Define a new target directory.
target_dir <- file.path(tempdir(), "test-regional")
Define cases in multiple regions delineated by the region variable.
cases <- data.table::rbindlist(list(
data.table::copy(cases)[, region := "testland"],
cases[, region := "realland"]))
Run the pipeline on each region in turn. The commented code (requires
the {future}
package) can be used to run regions in parallel (see
here
for an optimised nested example).
# future::plan("multiprocess")
regional_rt_pipeline(cases = cases,
delay_defs = delay_dist,
target_folder = target_dir)
List output folders.
list.files(target_dir, recursive = FALSE)
#> [1] "realland" "testland"
Summarise the results accross all regions.
EpiNow::regional_summary(results_dir = file.path(tempdir(), "test-regional"),
summary_dir = file.path(tempdir(), "test-summary"),
target_date = "latest",
region_scale = "Country",
csv_region_label = "country",
log_cases = TRUE)
An example of the summary output can be seen here.

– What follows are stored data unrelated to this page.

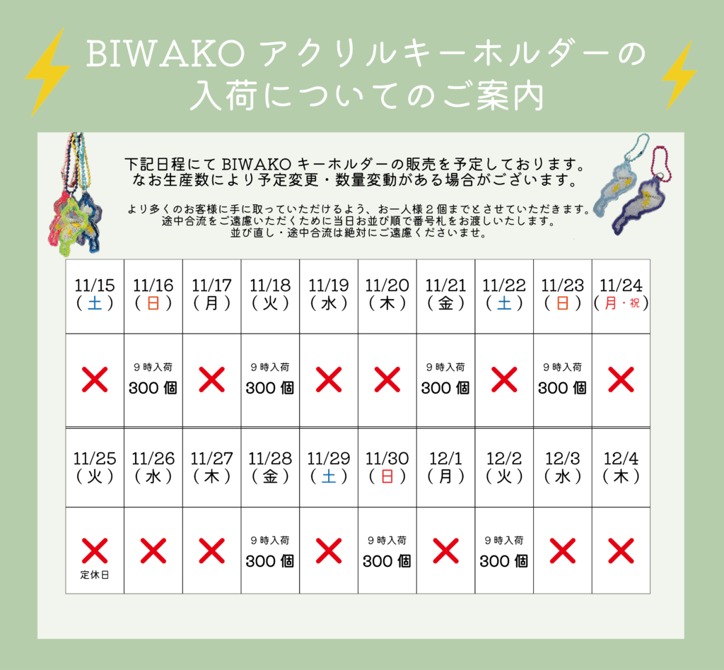 現在大変ご愛顧いただいておりますBIWAKOアクリルキーホルダーの販売日を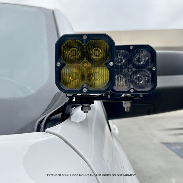 The Dogbone Light Mount bracket allows for an extra 3" X 3" industry standard dual cubes LED, driver and passenger brackets that attach to XE Hood Hinge Mounts. Light Mount Brackets come with a Limited Lifetime warranty on materials and construction and a 5 year warranty on the Textured Black Finish.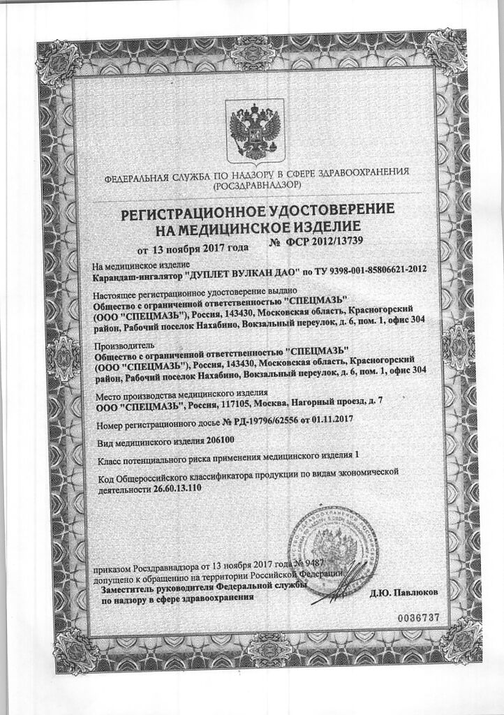 Вулкан Дао Дуплет карандаш-ингалятор 5 г 1 шт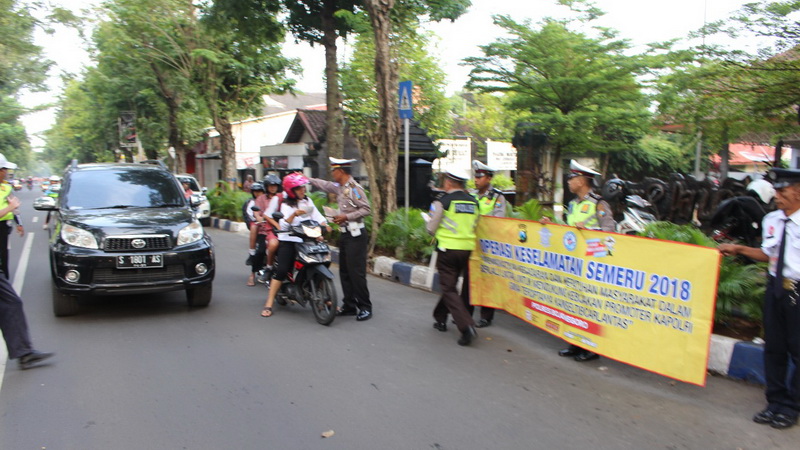 Bojonegoro Kota - Dihari ketiga pelaksanaan Operasi Keselamatan Semeru 2018, pada Rabu (07/03/2018) pagi, jajaran Sat Lantas Polres Bojonegoro laksanakan kampanye tata cara aman bersekolah di depan SDN Kadipaten yang berada di Jalan Teuku Umar Kota Bojonegoro dan bagikan brosur keselamatan, di pertigaan Pos Polisi Krempyeng, Jalan Gajah Mada Kota Bojonegoro.

Rmarkdown templates are provided in the package (templates
) for
semi-automated reporting of the estimates. These are currently
undocumented but an example integration can be seen
here.
If using these templates to report your results please highlight our
limitations as these are key to
understanding our results.
File an issue here if you have identified an issue with the package. Please note that due to operational constraints priority will be given to users informing government policy or offering methodological insights. We welcome all contributions, in particular those that improve the approach or the robustness of the code base.